3 Wave—Buoy Interaction Model, Hydraulic System Model

3.1 Wave—Buoy Interaction Model

Figure 3 shows the schematic diagram of the wave and buoy interaction of a WEC using a floating buoy coupled with a hydraulic power take-off cylinder. The hydrodynamic force acting on the floating buoy such as excitation force, radiation force, hydrostatic force and reactive force from the PTO system [28] defines the motion of the float. The buoy motion under the wave elevation is denoted as \(z\).
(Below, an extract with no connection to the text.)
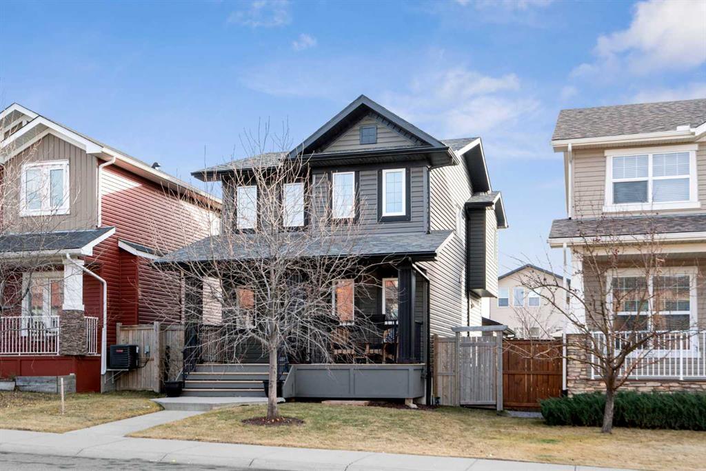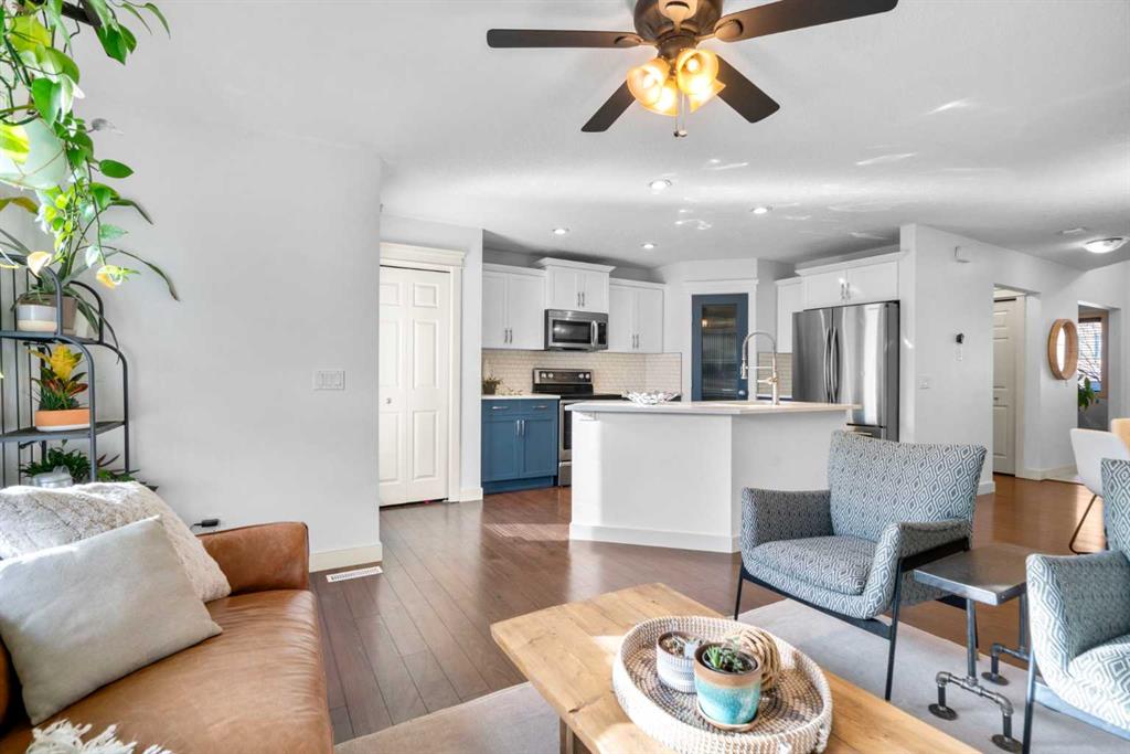 Welcome to 263 Evanston Way NW, ideally located across from a school and green space in one of Evanston’s most family-friendly pockets. This well-maintained home offers over 2,200 sq ft of developed living space across three finished levels, with thoughtful upgrades throughout. The covered front porch leads into a bright foyer, with a private front OFFICE ideal for working from home. Main-floor laundry and a convenient powder room add everyday functionality. The open-concept main living area features a recently updated kitchen with QUARTZ countertops, two-toned cabinetry (white uppers with blue lowers and island), STAINLESS STEEL APPLIANCES, and a generous pantry. The kitchen flows seamlessly into the dining area and rear living room, anchored by a GAS FIREPLACE and large windows overlooking the beautifully landscaped backyard. Outside, enjoy a two-tiered deck with pergola, perfect for entertaining or relaxing, plus the added benefit of a heated detached garage for year-round use. Upstairs, the spacious primary bedroom includes a walk-in closet and a well-appointed ensuite with soaker tub and separate shower. Two additional bedrooms with newer triple-pane windows, a full bathroom, and an open-to-below landing complete the upper level. The FULLY DEVELOPED BASEMENT offers a large rec room with WET BAR, a fourth bedroom, and a full bathroom – ideal for guests, teens, or extended family. This level also includes an organized utility space, ample storage, and a BRAND NEW HOT WATER TANK. Recent updates include new siding, new roof shingles, updated kitchen finishes, and CENTRAL AIR CONDITIONING, offering move-in-ready peace of mind. Located in the heart of Evanston, this home provides easy access to schools, parks, pathways, shopping, and major commuter routes. A well-rounded property offering plenty of space, functionality, and a strong community setting. Book your private showing today!

The hydrodynamic equation of buoy motion is obtained by Newton’s second law:

$$M_{b} \ddot{z} = F_{H} - F_{PTO}$$

(1)

where \(M_{b}\) is the buoy mass, \(F_{H}\) is the hydrodynamic force and \(F_{PTO}\) is the resistive force from the cylinder.

Fig. 3

Wave and buoy interaction of the floating buoy in WEC

The hydrodynamic force, which is the sum of the excitation force \(F_{e}\), the radiation force \(F_{r}\), and the hydrostatic force \(F_{hs}\), is calculated by:

$$F_{H} = F_{e} + F_{r} + F_{hs}$$

(2)

where

$$F_{e} \, = f_{e} { (}\omega {)}Y{(}\omega {)}$$

(3a)

$$F_{r} \, = - m_{r} {(}\omega {)}\ddot{z} - R_{r} {(}\omega {)}\dot{z}$$

(3b)

$$F_{hs} \, = \rho gV_{b}$$

(3c)

There are some hydrodynamic coefficients defined by: \(f_{e}\) is the excitation force coefficient, \(Y\) is the wave amplitude; \(m_{r}\) is the added masses, \(R_{r}\) is the radiation damping coefficient; where \(\rho\) is the water density, \(g\) is the gravitational acceleration and \(V_{b}\) is the submerged volume of the buoy.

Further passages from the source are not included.